=== Work request ===
Pull every "مسيرة" line out of the data below.

(Stored items from a collection)
>>>

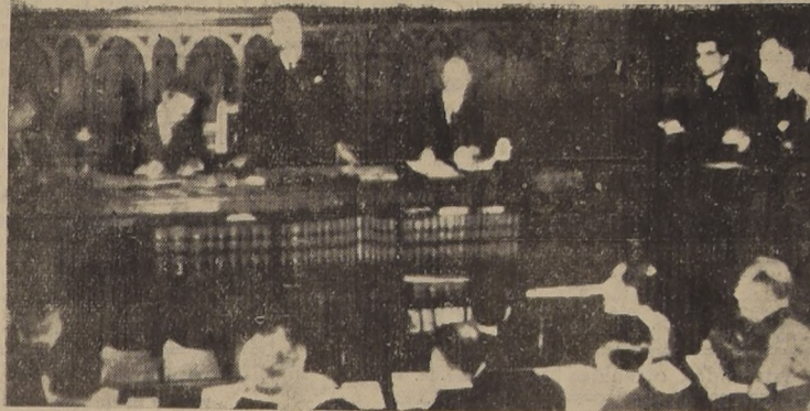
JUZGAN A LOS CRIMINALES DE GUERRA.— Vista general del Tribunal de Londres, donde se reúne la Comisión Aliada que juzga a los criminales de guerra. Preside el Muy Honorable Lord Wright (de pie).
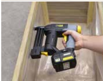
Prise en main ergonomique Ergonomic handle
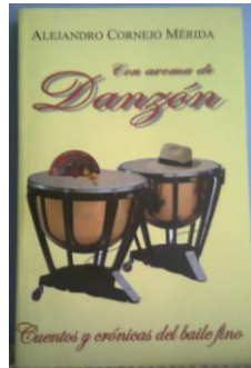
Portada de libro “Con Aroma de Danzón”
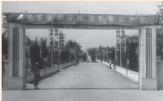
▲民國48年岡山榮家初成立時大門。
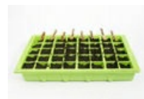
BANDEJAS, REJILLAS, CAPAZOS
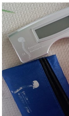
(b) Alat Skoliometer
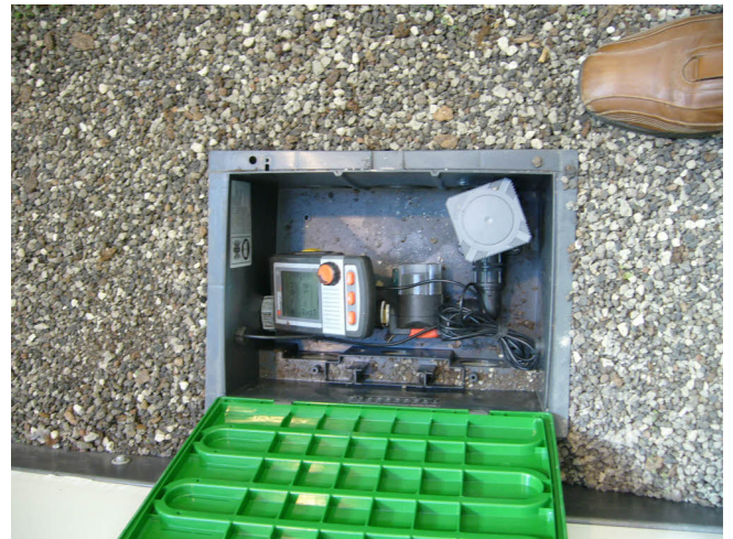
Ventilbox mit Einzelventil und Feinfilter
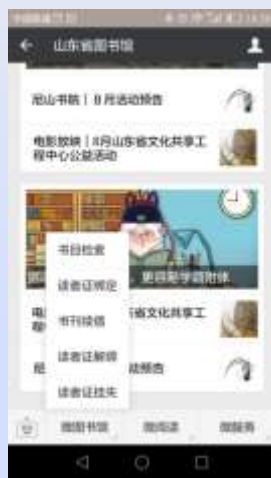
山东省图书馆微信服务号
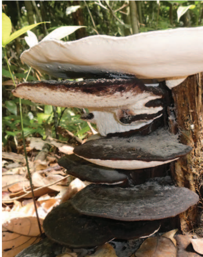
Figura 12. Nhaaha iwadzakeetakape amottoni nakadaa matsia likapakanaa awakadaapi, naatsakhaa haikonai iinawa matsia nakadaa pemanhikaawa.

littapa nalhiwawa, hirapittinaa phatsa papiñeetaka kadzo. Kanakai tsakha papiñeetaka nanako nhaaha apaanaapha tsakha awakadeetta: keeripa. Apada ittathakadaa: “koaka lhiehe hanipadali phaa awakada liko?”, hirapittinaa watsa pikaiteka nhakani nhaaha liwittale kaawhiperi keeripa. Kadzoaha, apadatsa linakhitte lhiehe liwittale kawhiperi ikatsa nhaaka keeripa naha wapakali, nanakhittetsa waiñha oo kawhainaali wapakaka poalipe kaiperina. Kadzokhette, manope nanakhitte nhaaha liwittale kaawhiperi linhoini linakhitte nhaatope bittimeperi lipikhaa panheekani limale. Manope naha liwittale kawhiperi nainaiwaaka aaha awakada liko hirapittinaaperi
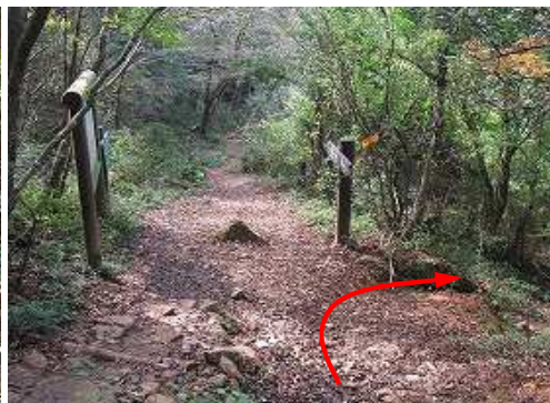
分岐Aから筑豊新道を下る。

<<<
>>>

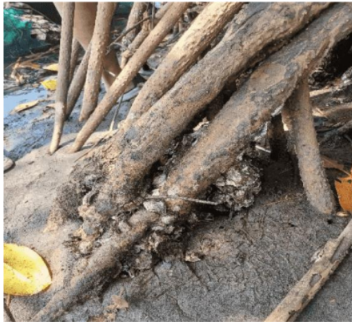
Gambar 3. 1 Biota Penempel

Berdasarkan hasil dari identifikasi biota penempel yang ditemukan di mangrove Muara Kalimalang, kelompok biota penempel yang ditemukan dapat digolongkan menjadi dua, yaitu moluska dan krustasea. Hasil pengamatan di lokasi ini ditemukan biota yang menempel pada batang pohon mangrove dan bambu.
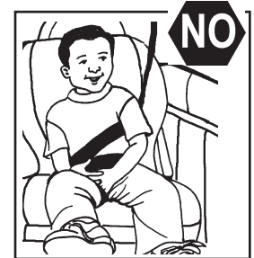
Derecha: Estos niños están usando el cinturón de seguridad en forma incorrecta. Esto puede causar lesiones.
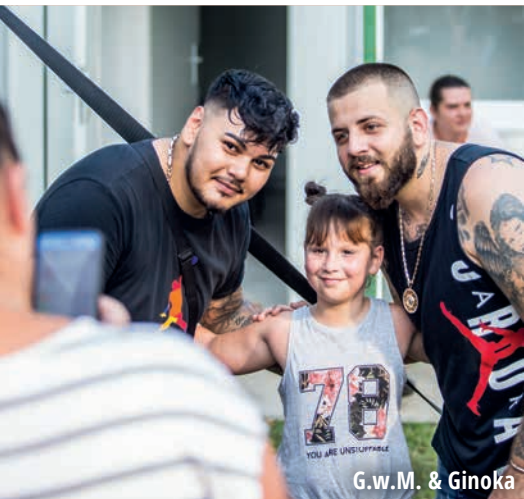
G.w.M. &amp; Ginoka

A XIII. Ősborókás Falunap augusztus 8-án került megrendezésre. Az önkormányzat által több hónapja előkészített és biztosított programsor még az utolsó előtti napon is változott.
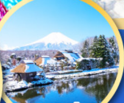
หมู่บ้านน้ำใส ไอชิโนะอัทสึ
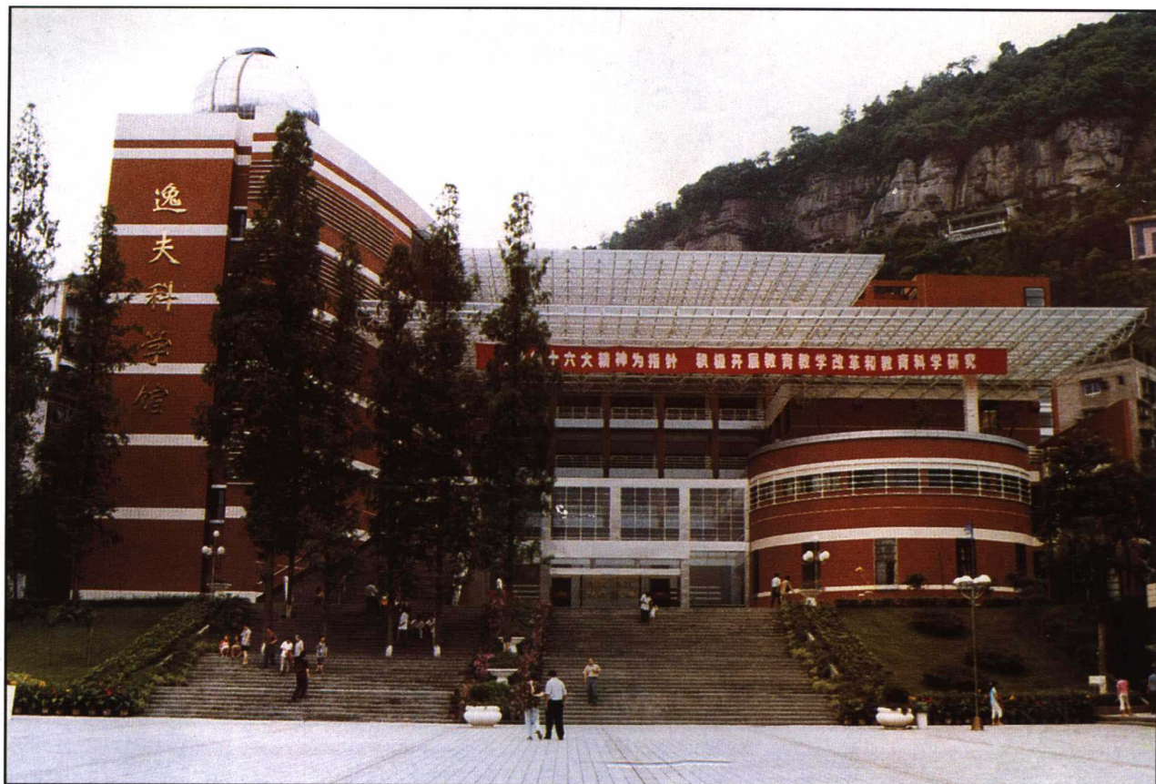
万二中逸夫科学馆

<<<
>>>

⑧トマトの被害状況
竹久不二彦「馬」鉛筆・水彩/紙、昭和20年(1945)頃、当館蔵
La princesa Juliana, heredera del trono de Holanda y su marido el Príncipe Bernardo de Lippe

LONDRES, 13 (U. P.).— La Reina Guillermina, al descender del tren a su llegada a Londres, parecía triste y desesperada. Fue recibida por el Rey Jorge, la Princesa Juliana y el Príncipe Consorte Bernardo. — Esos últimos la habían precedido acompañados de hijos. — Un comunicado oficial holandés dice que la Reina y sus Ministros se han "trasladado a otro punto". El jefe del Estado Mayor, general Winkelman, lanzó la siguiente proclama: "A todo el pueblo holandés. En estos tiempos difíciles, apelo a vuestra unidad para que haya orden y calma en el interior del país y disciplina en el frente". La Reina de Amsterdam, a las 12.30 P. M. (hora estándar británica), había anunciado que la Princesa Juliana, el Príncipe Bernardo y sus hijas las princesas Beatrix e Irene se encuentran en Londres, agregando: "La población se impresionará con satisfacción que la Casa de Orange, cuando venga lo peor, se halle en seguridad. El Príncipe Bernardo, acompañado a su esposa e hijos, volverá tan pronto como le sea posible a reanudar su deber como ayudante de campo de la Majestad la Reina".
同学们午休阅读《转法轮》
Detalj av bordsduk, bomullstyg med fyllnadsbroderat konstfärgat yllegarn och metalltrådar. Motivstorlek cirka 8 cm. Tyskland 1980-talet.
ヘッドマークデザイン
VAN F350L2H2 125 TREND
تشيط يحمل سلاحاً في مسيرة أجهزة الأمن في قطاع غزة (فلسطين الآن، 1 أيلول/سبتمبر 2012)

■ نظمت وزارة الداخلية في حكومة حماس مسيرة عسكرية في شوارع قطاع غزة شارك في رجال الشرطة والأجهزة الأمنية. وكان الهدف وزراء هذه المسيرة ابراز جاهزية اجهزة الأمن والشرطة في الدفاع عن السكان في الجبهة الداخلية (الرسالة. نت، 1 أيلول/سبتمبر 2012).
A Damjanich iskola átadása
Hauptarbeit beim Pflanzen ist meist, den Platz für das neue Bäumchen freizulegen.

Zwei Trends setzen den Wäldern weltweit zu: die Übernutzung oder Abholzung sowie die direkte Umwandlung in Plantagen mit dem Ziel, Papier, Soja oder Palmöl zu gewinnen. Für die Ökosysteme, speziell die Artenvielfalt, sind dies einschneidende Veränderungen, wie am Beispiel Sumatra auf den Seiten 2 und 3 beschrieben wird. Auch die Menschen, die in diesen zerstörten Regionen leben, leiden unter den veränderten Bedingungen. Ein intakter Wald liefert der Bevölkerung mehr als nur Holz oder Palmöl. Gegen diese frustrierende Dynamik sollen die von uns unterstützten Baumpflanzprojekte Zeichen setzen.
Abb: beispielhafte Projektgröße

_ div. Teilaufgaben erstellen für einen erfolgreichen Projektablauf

<<<

=== Response area ===
تشيط يحمل سلاحاً في مسيرة أجهزة الأمن في قطاع غزة (فلسطين الآن، 1 أيلول/سبتمبر 2012)
■ نظمت وزارة الداخلية في حكومة حماس مسيرة عسكرية في شوارع قطاع غزة شارك في رجال الشرطة والأجهزة الأمنية. وكان الهدف وزراء هذه المسيرة ابراز جاهزية اجهزة الأمن والشرطة في الدفاع عن السكان في الجبهة الداخلية (الرسالة. نت، 1 أيلول/سبتمبر 2012).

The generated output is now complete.